**TASK TO CARRY OUT:** When you transcribe the lines below, keep every word the same and leave the pictures behind.

**SOURCE DATA:**
>>>>>

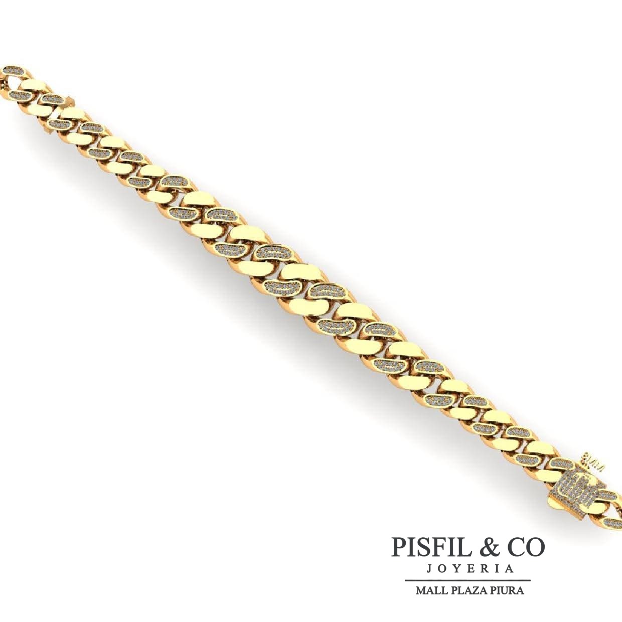Diseño: Este es el nombre más tradicional y reconocido para este diseño de eslabones gruesos y redondeados que se entrelazan de forma compacta. Se le llama «Imperial» debido al pavé de cristales swarovski que cubre la cara frontal de cada eslabón, elevando una pieza clásica a una joya de alta gama.
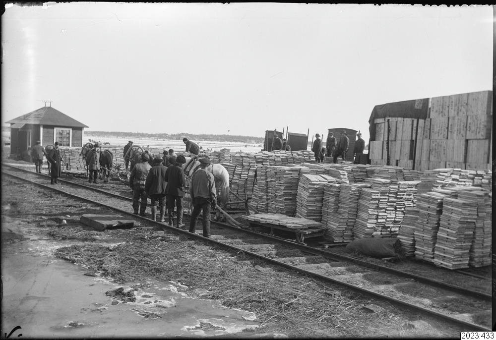 Tenntackor på hamnspåret. Transporter sker med häst och släde. Tid: 1914-1918.
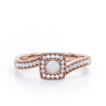 With this Flush-Prong Halo 1.25 Carat Round Cut Opal and diamond Milgrain-Edged Pave Channel Engagement Ring in White Gold, you can begin the most romantic chapter of your life. Handcrafted with care into a wonderful round cut by our most talented jewelers, this beautiful Opal ring for women consists of a 1 carat round cut Opal in the center and is enhanced with diamond sparkling side stones. For those looking for something a little out of the ordinary, this cheap real Opal ring is an excellent choice. Known for its adularescence, this gem engagement ring is magnificent in its glory and luminous shine and will be an unmistakable addition to any jewelry collection. This cheap Opal engagement ring is stunning and inexpensive, thanks to its reasonable price. If you are looking for a Opal ring for any special event, such as a birthday, an engagement, or a marriage proposal, this cheap wedding ring a great choice. Additionally, this Opal ring for women can be customized, either in rose gold, white gold, black gold, or yellow gold, upon customer request. Let's show her how much you care by giving her this affordable Opal ring, and she will never regret it.
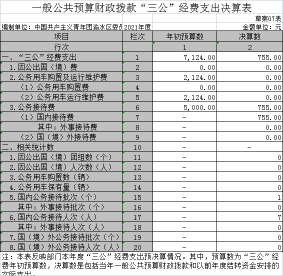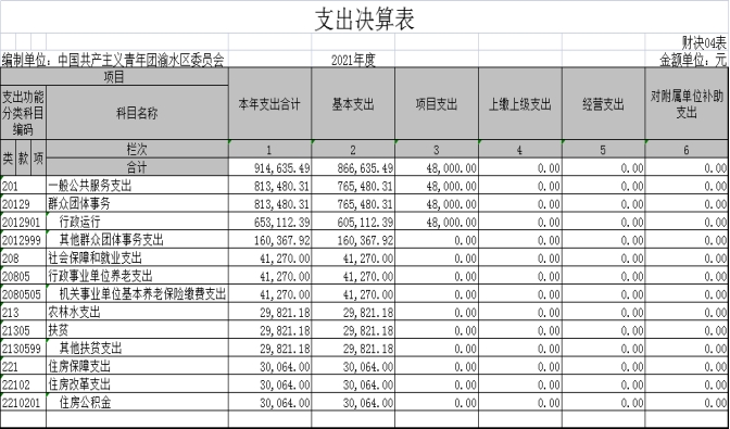 中國共產主義青年團渝水區委員會2021年度部門決算

<<<<<

**EXPECTED OUTPUT:**
Diseño: Este es el nombre más tradicional y reconocido para este diseño de eslabones gruesos y redondeados que se entrelazan de forma compacta. Se le llama «Imperial» debido al pavé de cristales swarovski que cubre la cara frontal de cada eslabón, elevando una pieza clásica a una joya de alta gama.
 Tenntackor på hamnspåret. Transporter sker med häst och släde. Tid: 1914-1918.
 With this Flush-Prong Halo 1.25 Carat Round Cut Opal and diamond Milgrain-Edged Pave Channel Engagement Ring in White Gold, you can begin the most romantic chapter of your life. Handcrafted with care into a wonderful round cut by our most talented jewelers, this beautiful Opal ring for women consists of a 1 carat round cut Opal in the center and is enhanced with diamond sparkling side stones. For those looking for something a little out of the ordinary, this cheap real Opal ring is an excellent choice. Known for its adularescence, this gem engagement ring is magnificent in its glory and luminous shine and will be an unmistakable addition to any jewelry collection. This cheap Opal engagement ring is stunning and inexpensive, thanks to its reasonable price. If you are looking for a Opal ring for any special event, such as a birthday, an engagement, or a marriage proposal, this cheap wedding ring a great choice. Additionally, this Opal ring for women can be customized, either in rose gold, white gold, black gold, or yellow gold, upon customer request. Let's show her how much you care by giving her this affordable Opal ring, and she will never regret it.
 中國共產主義青年團渝水區委員會2021年度部門決算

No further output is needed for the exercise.